Impuissante face à cette dégénérescence insidieuse à tous les niveaux, j’ai décidé de devenir bénévole au service de la lutte contre le cancer et du bien-être des battants via le Comité du Relais pour la Vie Bruxelles-ULB il y a quelques années, entre deux jobs. Avant de réaliser qu'il faut trouver un équilibre entre les différentes étiquettes : ce n'est pas parce qu'on a eu le cancer qu'on ne doit fréquenter que des malades et ce milieu, mais ce n'est pas non plus une raison pour tout rejeter en bloc et faire l'autruche.

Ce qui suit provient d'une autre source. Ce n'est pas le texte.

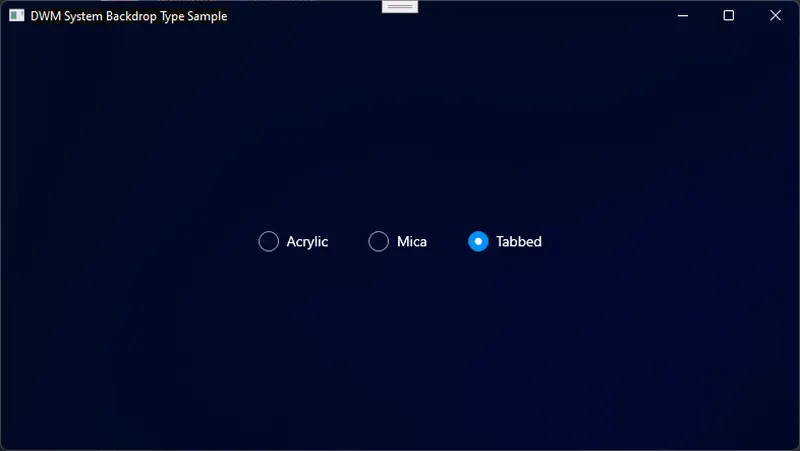 在浅色模式下,当您切换到 Tabbed 时, 将启用 Mica 类玻璃效果 。会有很多模糊的墙纸微软还提供了手动演示应用程序。展示这些API可能对现实世界应用产生的影响。他们在你下面记录下来了尽管我们觉得当我们进入黑暗模式时它更明显。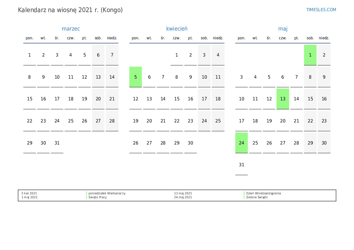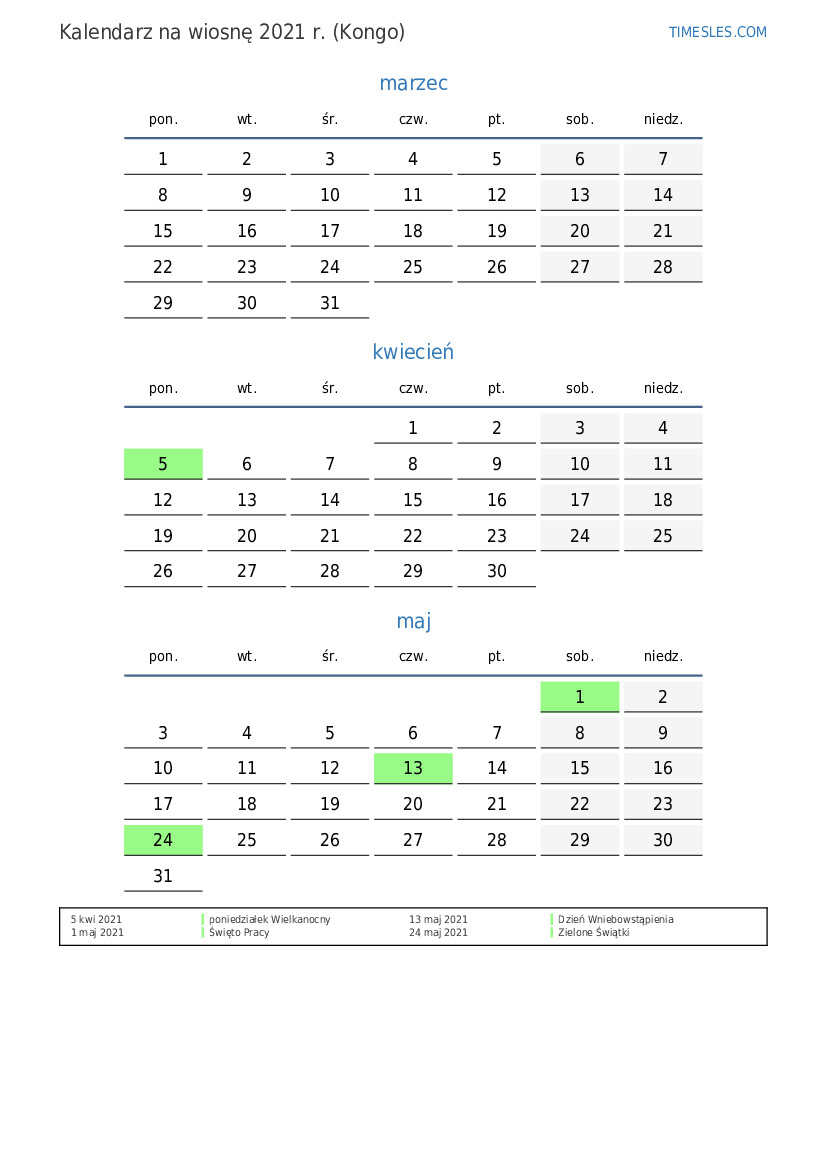 Pobierz i wydrukuj kalendarz PDF ze świętami i weekendami na wiosnę 2021 roku dla Konga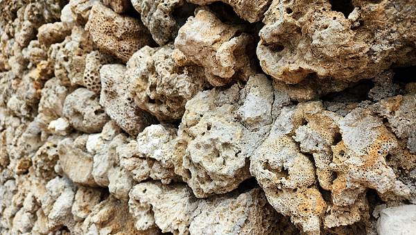 澎湖島內的老牆多為珊瑚礁岩所砌,珊瑚礁岩在大街小巷靜默地訴說著媽宮城的嬗遞。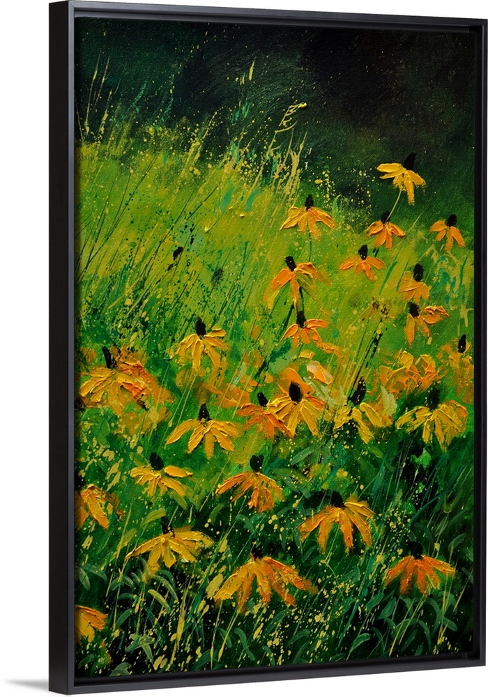 <p>A field of orange flowers among vibrant green grass with small splatter of paint overlapping.</p>

"Nous ne pourrons vaincre aucune des maladies infectieuses qui affligent les pays en développement tant que nous n'aurons pas gagné la bataille pour l'eau potable, l'assainissement et les soins de santé de base". Kofi Annan
La vie ne t'a pas gâtée avec une mère dénaturée, amère de ne pas vivre avec son grand amour, et un père, amoureux de la mauvaise personne, noyant son chagrin dans les petites et grandes bêtises et dans l'alcool. Petite, tu as dû aller en sanatorium à cause de la tuberculose, ce qui t'a donné cette rage de vivre, puis tu as commencé à subir les conséquences des effets secondaires des traitements après une trêve toute relative : cicatrices apparentes et psychologiques, foie émacié, mariage brisé, famille éclatée,...
Tu es un exemple. Tu es mon exemple. Mon inspiration. Merci. Merci maman. Merci d'avoir été tout ce que tu as été, bon gré, mal gré. Merci d'avoir transmis tout ce que tu as transmis. Même si ça ne me rend pas la tâche facile tous les jours, merci d'avoir été toi et de continuer à l'être, jusqu'aux bouts des ongles.
Aujourd'hui, tu es partie..."Enfin calmée" ? Je l'espère de tout mon coeur...
Une maman c'est tellement de jolies choses. C'est cette femme qui sourit en permanence juste pour voir son enfant heureux. C'est celle qui voue sa vie à sa famille. C'est aussi la femme qui encaisse et qui esquive. Une maman ne dort jamais tout à fait ; elle est liée au sommeil de son enfant. Une maman sait tout faire et sait tout réparer. On est si petit, le monde est si grand...Que serait la vie, sans notre maman. Maman est un mot magique.